Ribeirão Preto Dental School, University of São Paulo, Ribeirão Preto, SP, Brazil.
J Appl Oral Sci. 2010 Dec;18(6):630-4. doi: 10.1590/s1678-77572010000600016.
Prostaglandins control osteoblastic and osteoclastic function under physiological or pathological conditions and are important modulators of the bone healing process. The non-steroidal anti-inflammatory drugs (NSAIDs) inhibit cyclooxygenase (COX) activity and consequently prostaglandins synthesis. Experimental and clinical evidence has indicated a risk for reparative bone formation related to the use of non-selective (COX-1 and COX-2) and COX-2 selective NSAIDs. Ketorolac is a non-selective NSAID which, at low doses, has a preferential COX-1 inhibitory effect and etoricoxib is a new selective COX-2 inhibitor. Although literature data have suggested that ketorolac can interfere negatively with long bone fracture healing, there seems to be no study associating etoricoxib with reparative bone formation. Paracetamol/acetaminophen, one of the first choices for pain control in clinical dentistry, has been considered a weak anti-inflammatory drug, although supposedly capable of inhibiting COX-2 activity in inflammatory sites.
The purpose of the present study was to investigate whether paracetamol, ketorolac and etoricoxib can hinder alveolar bone formation, taking the filling of rat extraction socket with newly formed bone as experimental model.

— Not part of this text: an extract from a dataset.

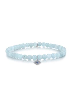 Sydney Evan Women’s Bracelets White Gold & Bezel Diamond Eye With Sapphire On Aquamarine

The degree of new bone formation inside the alveolar socket was estimated two weeks after tooth extraction by a differential point-counting method, using an optical microscopy with a digital camera for image capture and histometry software. Differences between groups were analyzed by ANOVA after confirming a normal distribution of sample data.
Histometric results confirmed that none of the tested drugs had a detrimental effect in the volume fraction of bone trabeculae formed inside the alveolar socket.
前列腺素在生理或病理条件下控制成骨细胞和破骨细胞的功能,是骨愈合过程的重要调节剂。非甾体抗炎药(NSAIDs)抑制环氧化酶(COX)活性,从而抑制前列腺素的合成。实验和临床证据表明,使用非选择性(COX-1 和 COX-2)和 COX-2 选择性 NSAIDs 与修复性骨形成的风险有关。酮咯酸是一种非选择性 NSAID,低剂量时具有优先抑制 COX-1 的作用,依托考昔是一种新型选择性 COX-2 抑制剂。尽管文献数据表明酮咯酸可能对长骨骨折愈合产生负面影响,但似乎没有研究将依托考昔与修复性骨形成联系起来。扑热息痛/对乙酰氨基酚是临床牙科疼痛控制的首选药物之一,尽管据称它能够抑制炎症部位的 COX-2 活性,但被认为是一种弱抗炎药。
本研究旨在探讨扑热息痛、酮咯酸和依托考昔是否会通过以大鼠拔牙窝内新形成的骨填充作为实验模型来阻碍牙槽骨的形成。
通过差分点计数法,在拔牙后两周,使用带有数字摄像头的光学显微镜采集图像并使用组织计量软件,评估牙槽窝内新骨形成的程度。在确认样本数据呈正态分布后,通过方差分析比较各组之间的差异。
组织学结果证实,测试的药物均未对牙槽窝内形成的骨小梁体积分数产生不利影响。